The 15% year-to-date rally in the S&P 500 is pulling once doubtful investors back into the market. Many who had whittled down stock holdings during 2022’s painful decline are shifting gears.
The National Association of Active Investment Managers’ exposure index last week hit its highest level since late 2021, while cash levels among global fund managers surveyed this month by Bank of America fell to their lowest point since January 2022.
Positioning among discretionary investors, a cohort that includes fund managers to individual investors, moved above neutral earlier this month for the first time since February, Deutsche Bank data showed.
Meanwhile, options investors are buying calls – bets on upside in stocks – at levels not seen in years. A record 1.8 million S&P 500 calls traded on Thursday, helping lift the one-month moving average of calls-to-puts to the highest in at least four years, Trade Alert data showed.
“If you’ve been fighting this market, you’re very likely exhausted,” said Emily Roland, co-chief investment strategist at John Hancock Asset Management, who has been increasing overall equity allocations.
The latest gains are fueled by factors ranging from a U.S. economy that has so far avoided recession despite the Federal Reserve’s aggressive monetary policy tightening to growing buzz over advances in artificial intelligence.

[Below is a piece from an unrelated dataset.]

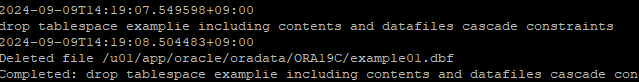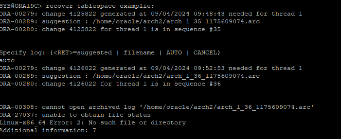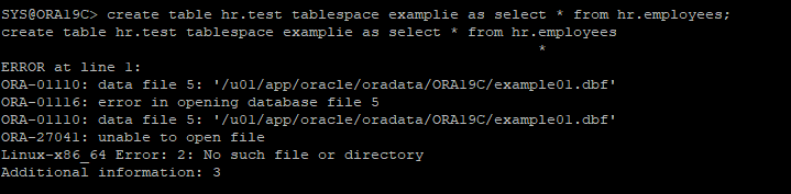 - examplie 테이블스페이스 데이터 파일이 존재하지 않기 때문에 오류발생

Some Wall Street banks are revising forecasts for how high stocks can go. Among the latest is Goldman Sachs, whose strategists raised their year-end S&P 500 target to 4,500 from 4,000, citing expectations the economy is likely to avoid a downturn in the next 12 months. The index ended on Friday at 4,409.59, up 23% from its October lows.
Willie Delwiche, investment strategist at Hi Mount Research, said improving sentiment is poised to support stocks, provided it does not become too extreme.
“Shifting from pessimism to optimism is actually what gives lifeblood to bull markets,” he said. “You run into trouble when you get to excessive levels, but … we’re not there.”
One measure of sentiment that Delwiche studies, the American Association of Individual Investors survey, showed bullish sentiment outpacing bearish sentiment in the latest week by the widest margin since November 2021.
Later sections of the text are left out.